FIG. 2 shows, in a more detailed manner, the structure of frequency matrix 24. The channel frequency data corresponding to the desired frequency and divisor information which is supplied to divider 20 from EEPROM memory 22 is supplied to a frequency to capacitance decoding logic block 26. This frequency to capacitance decoding logic supplies an output to selector switch driver logic 28 which selects various combinations of discrete capacitance from a capacitor array 30. These values are then added to the frequency determining resonant network of VCO 18. The output of capacitor array 30 may be one or any combination up to and including all of the capacitance. When added to the frequency determining circuit this achieves a course value of tuning for the frequency determining resonant circuit of VCO 18.
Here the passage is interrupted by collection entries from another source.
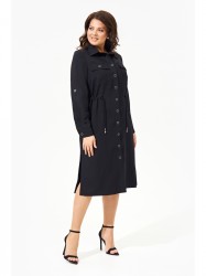 Платье-рубашка полуприлегающего силуэта выполнено из натуральной ткани (вискоза 90%). Платье свободного силуэта со втачными рукавами, внутренней патой и манжетой, что позволяет регулировать высоту рукава и представляет собой стильную деталь с изысканным акцентом; воротник рубашечный; по переду накладные карманы и функциональная кулиса по линии талии с декоративным шнуром-завязкой; застежка на петли и пуговицы.
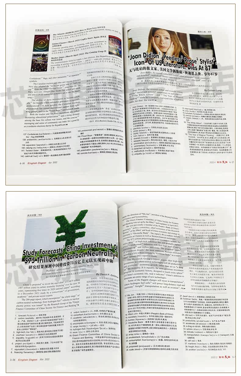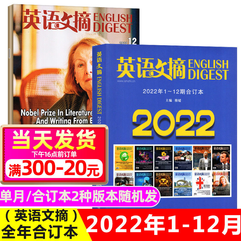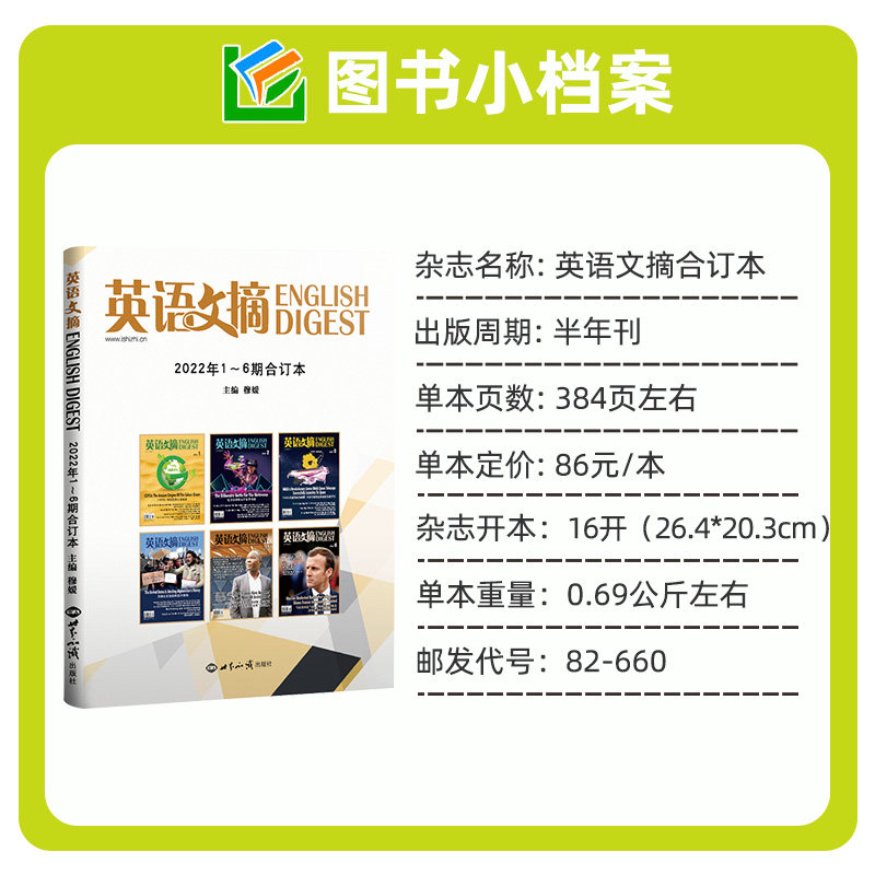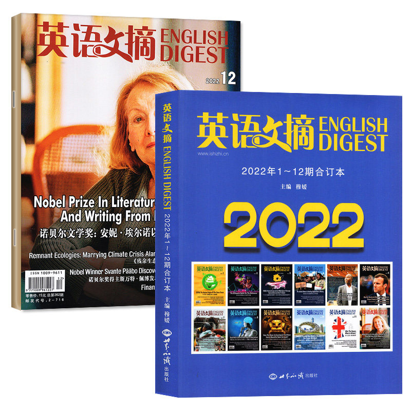 【送1份报纸】英语文摘杂志合订本2022年1-6/7-12月打包中英文双语世界考研学习大学四六级辅导书籍非2023/2021过期刊
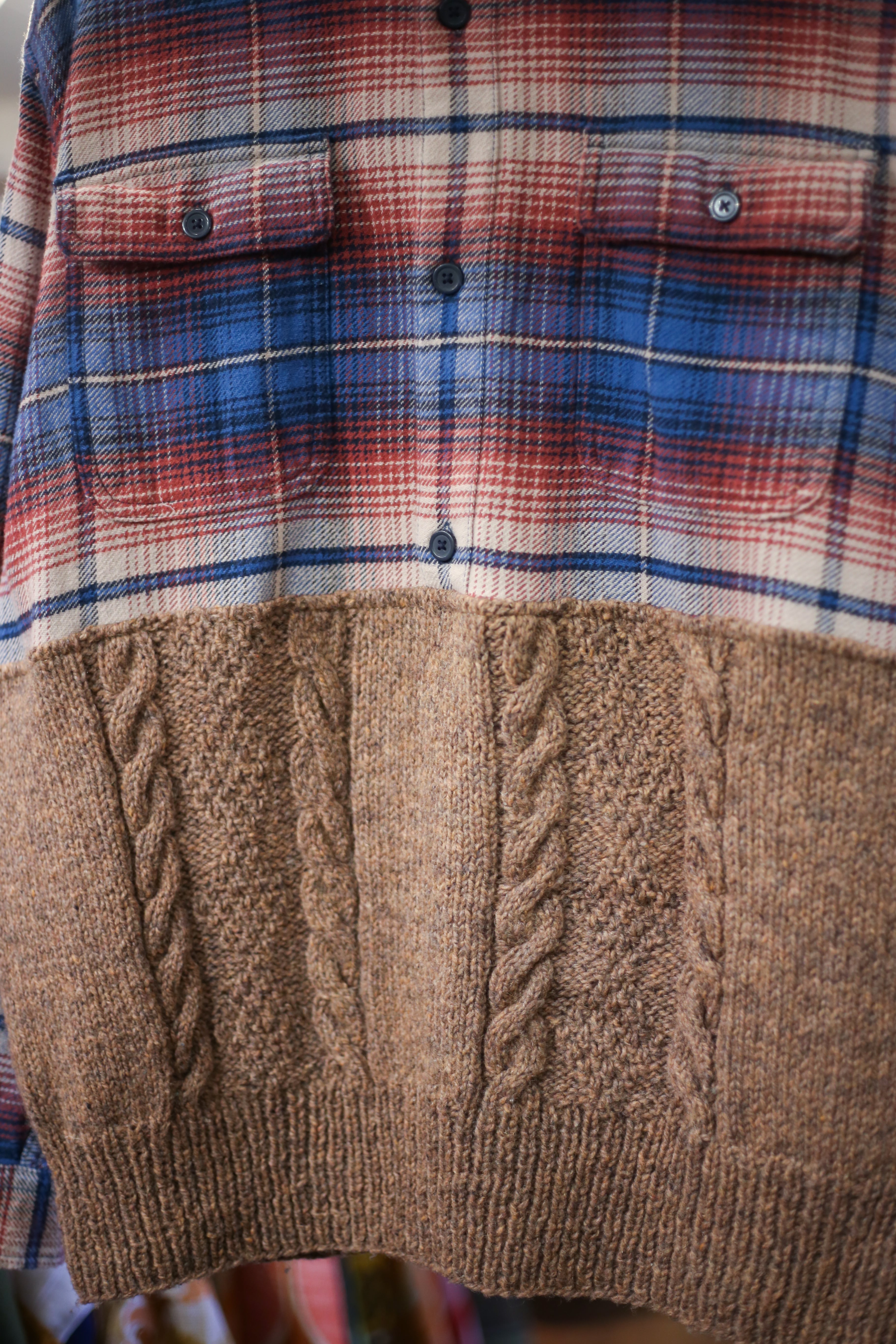ピンクに近いようなテラコッタ色のようなケーブルニットと、ブルー×ピンクのチェックネルシャツを半々で繋ぎ合わせました。

In operation, the frequency to capacitance decoding logic interprets from a predetermined value the appropriate capacitance which must be added to the VCO to enable the VCO to tune in a low power vernier manner to achieve the resultant frequency FQ. The selector switch driver logic responds to the freguency to capacitance decoding logic to merely select and latch which capacitors in the capacitor array 30 must be coupled into the circuit to achieve the course tuning.
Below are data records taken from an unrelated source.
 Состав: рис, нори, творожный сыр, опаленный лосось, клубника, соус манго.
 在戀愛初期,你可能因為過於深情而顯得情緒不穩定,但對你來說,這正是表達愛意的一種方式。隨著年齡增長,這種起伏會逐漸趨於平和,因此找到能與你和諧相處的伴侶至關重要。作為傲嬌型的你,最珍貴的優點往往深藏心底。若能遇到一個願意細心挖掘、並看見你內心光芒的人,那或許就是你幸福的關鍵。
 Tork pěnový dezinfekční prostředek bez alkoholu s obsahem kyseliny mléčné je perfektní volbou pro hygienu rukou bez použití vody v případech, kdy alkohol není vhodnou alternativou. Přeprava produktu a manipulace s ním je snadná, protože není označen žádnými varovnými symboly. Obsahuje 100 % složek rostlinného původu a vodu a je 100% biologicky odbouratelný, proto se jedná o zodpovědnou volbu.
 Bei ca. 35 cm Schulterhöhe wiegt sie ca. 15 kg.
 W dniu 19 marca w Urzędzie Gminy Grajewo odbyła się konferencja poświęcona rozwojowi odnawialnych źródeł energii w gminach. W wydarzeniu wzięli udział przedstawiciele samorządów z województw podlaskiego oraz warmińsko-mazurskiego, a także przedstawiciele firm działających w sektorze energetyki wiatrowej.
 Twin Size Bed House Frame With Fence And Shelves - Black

Thus, it may be seen that for various frequencies, rather than tuning the VCO with a high voltage varactor network and correspondingly
consuming the power required to maintain it and combining that with an appropriate divisor in programmable divider 20, the present low power frequency synthesizer augments the tuning capability of the VCO circuit as it is driven by an outside voltage source with discrete capacitor values to alter the tuning. The normal phase locked loop in combination with the altered coarse tuning provides the appropriate programmable frequency control ratio so that the synthesizer may provide the final output frequency FQ in the appropriate range for desired operation. It will be clear to those skilled in the art that the switching in of the capacitor array requires considerably less power than the power required to drive the frequency determining resonant circuit of a VCO and maintain it at a fixed voltage and frequency output position for considerable lengths of time. Thus, it may be seen that the entire operation of the frequency synthesizer occurs with considerably less power consumed and may be operated with considerable lower voltages. What is claimed is:
Claims
1. A low voltage and low power frequency synthesizer including a memory containing divisor information, a variable divider phase locked loop responsive to the divisor information for controlling the output frequency of a voltage controlled oscillator comprising: memory means (22) containing information corresponding to the desired frequency and divisor information of the VCO; and frequency capacitance switch means (24) coupled between said memory and said VCO responsive to additional information to select a predetermined value of capacitance, said switch means further including means producing a coarse tuning frequency by augmenting the value of capacitance in the frequency determining network of the VCO, whereby a broad range of frequencies can be synthesized at lower voltages and maintained with lower power consumption with the phase locked loop operating to maintain the precision of the desired frequency.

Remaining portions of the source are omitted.